Buffered outcome products sacrifice some upside to mitigate downside risk. The topsy-turvy markets have helped drive some of Innovator’s recent success. Southard said, “you hate to capitalize on scary times, but you got to remember when we first launched these, August of 2018, it was a very different time. We were on a 10-year bull market, and the thought of a defensive type product – at that time – fell on a lot of deaf ears.”
Discussing Innovator’s founding, Southard talked through his crash course on derivatives and said, “that’s what we set out to do – to bring a lot of the products offered by insurance companies and banks and put them in the ETF wrapper.” He continued, “the more I’ve done ETFs, the more I’ve appreciated the chassis or vehicle itself.”
The defined outcome ETFs are Innovator’s “bread and butter,” according to Geraci. By providing risk management through giving up some of the upsides through a cap in exchange for downside protection, defined outcome products are especially important during times of market turmoil for investors who wish to stay in the market but need to mitigate risk.
“I think investors like the clarity of it all,” Southard said, explaining that “It is a way for you to tailor returns to meet your investor risk and what you want to achieve in your portfolio.”
Southard and Geraci also discussed Innovator’s structured hedge product for Tesla, TSLH. “This one is unique in that its actually a floor product,” Southard said, noting that the floor means that the product can’t go down by more than 10%, making it a good choice for advisors who wish to be invested in Tesla but don’t think it will achieve the massive growth it has in the past. “It’s basically putting guardrails on [Tesla.].”

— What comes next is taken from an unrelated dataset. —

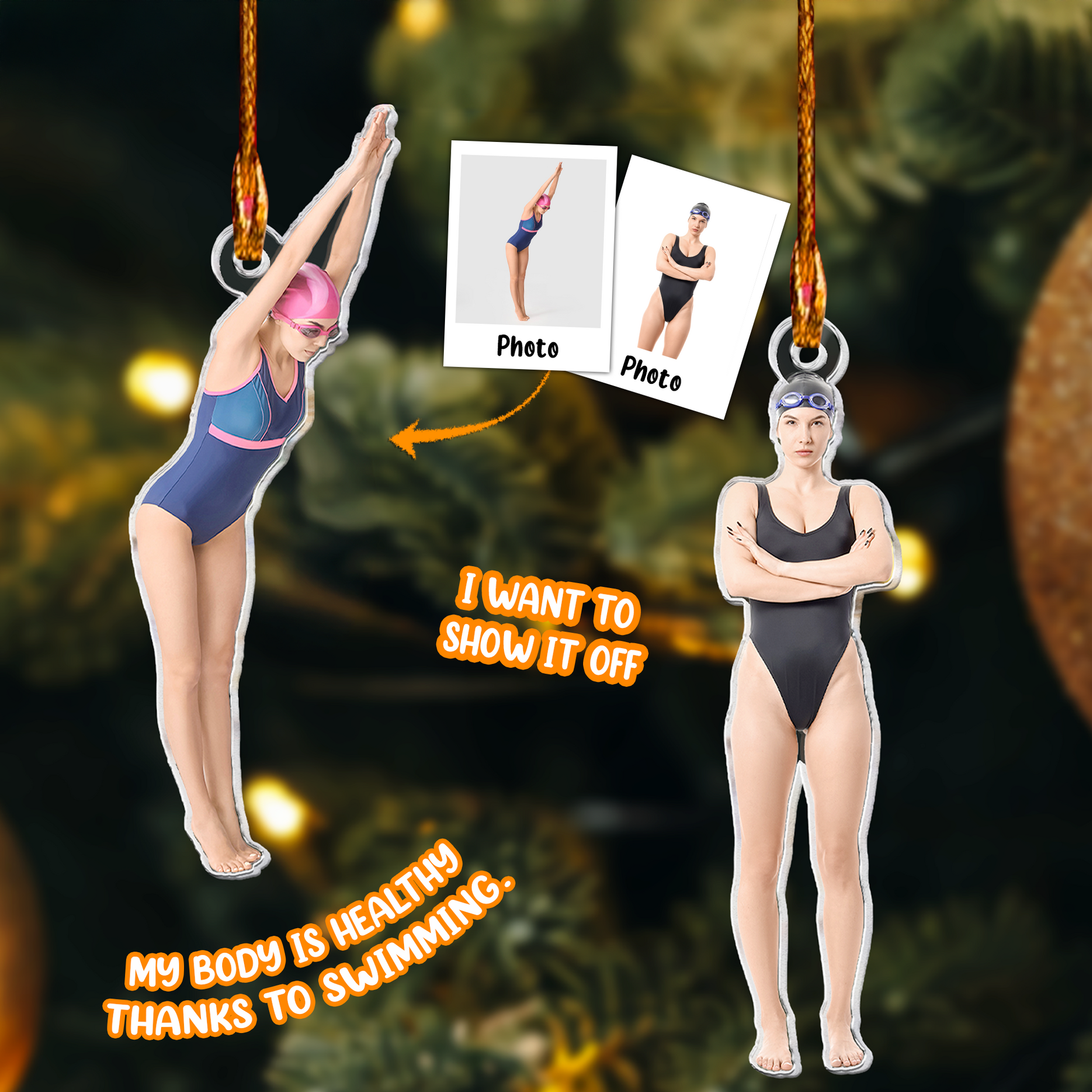 Christmas Swimming Ornament Swimmers Swim Team - Personalized Acrylic Photo Ornament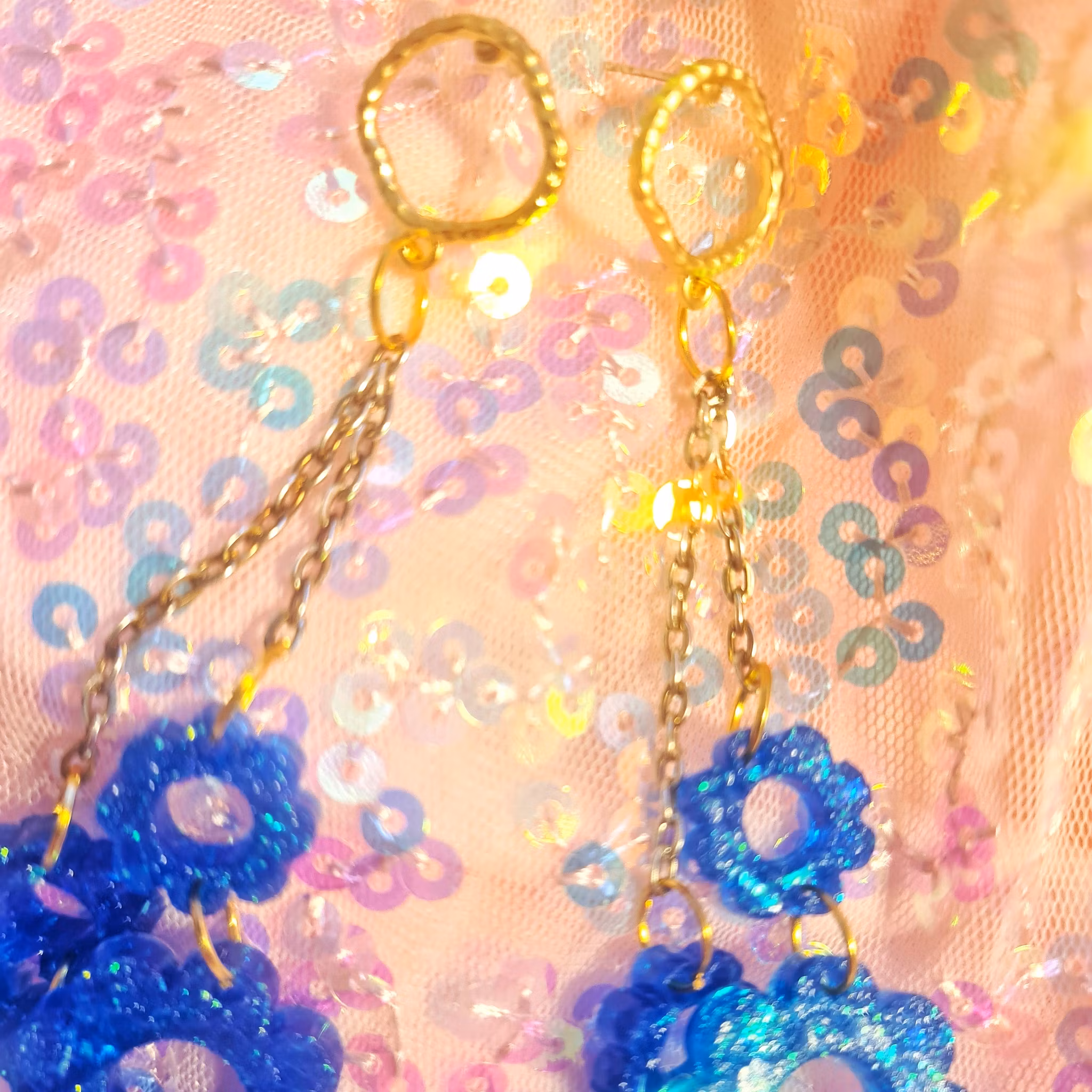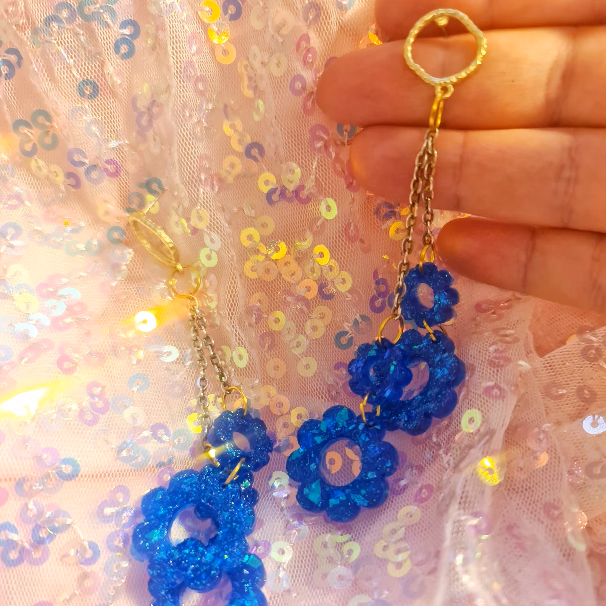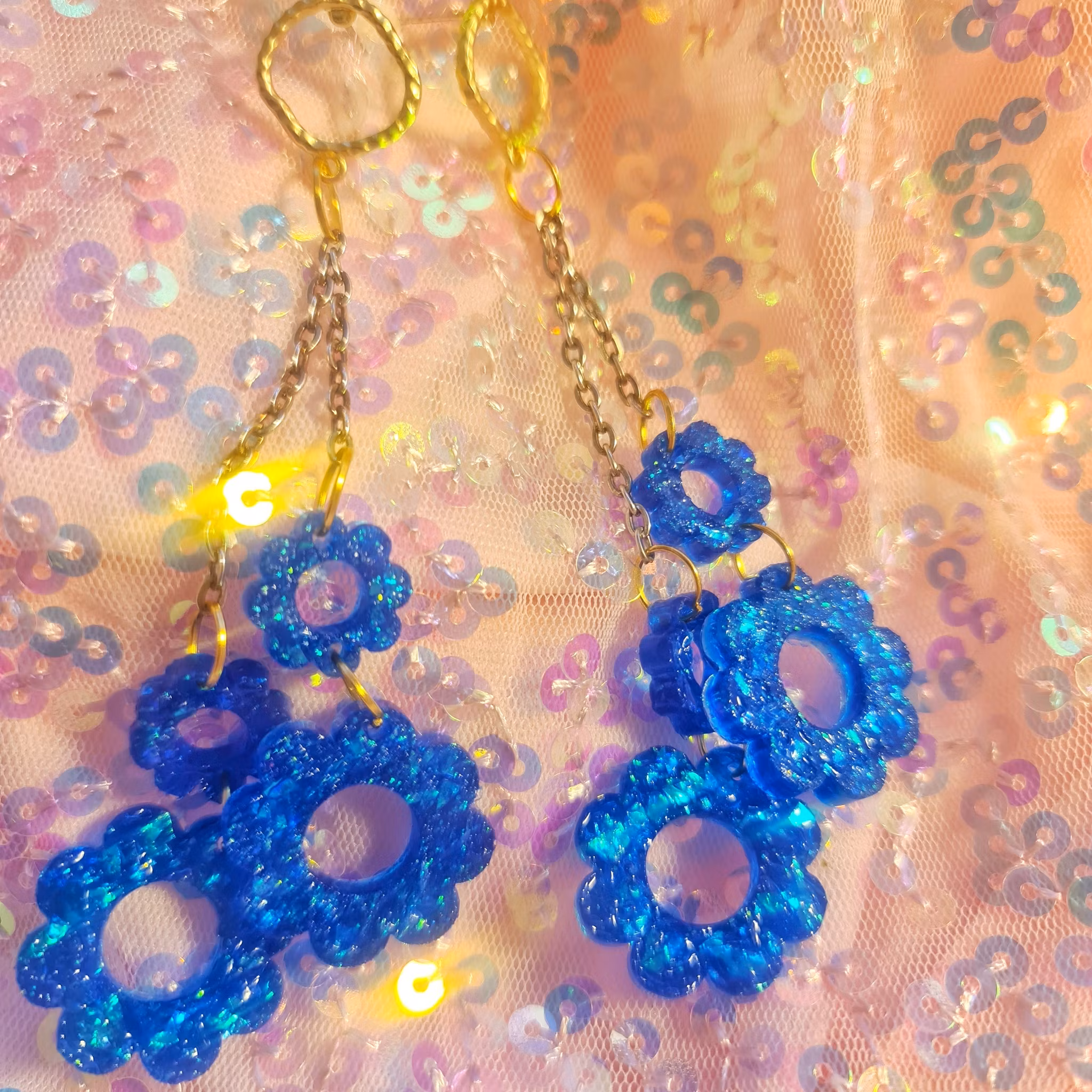 BLÅKLINT 349 kr SLUTSÅLD :( Dela INFO Glittriga blåa örhängen med stift i resin. Nickelsäkra metalldelar i guldfärg. Endast ett exemplar. Handgjort av ditt lokala yrväder.

Distinctly Active Management
Touchstone entered the ETF game in July with Touchstone Strategic Income Opportunities ETF (SIO ). They quickly followed up with three additional ETFs, with nearly $200 million in AUM, despite being a new face in the ETF space.
Geraci’s final guest, senior Touchstones’ ETF sales specialist Richard Koerner, said, “Our model is, we think, unique – we work exclusively with institutional sub advisors.” Though new to ETFs, Touchstone has been around since 1994 and has many mutual funds. “We’re excited to bring our unique brand – ‘distinctively active’ – to the ETF wrapper.”
Koerner thinks that it is challenging to be a broad-based asset manager. For example, a large cap manager uses different skills than a small cap manager. Touchstone sees utility in using best in asset class subadvisors.
Regarding their distinctively active approach, Koerner said, “our distinctively active strategies are those that we’ve found have a historical track record of generating alpha and a high active share.” Noting that many see Fixed Income as the main space for active management, Koerner said, “we think you can find excellent active managers on the equity side.” By eliminating “bloated” high AUM managers, many skilled active managers are positioned for success on the equity side of active management.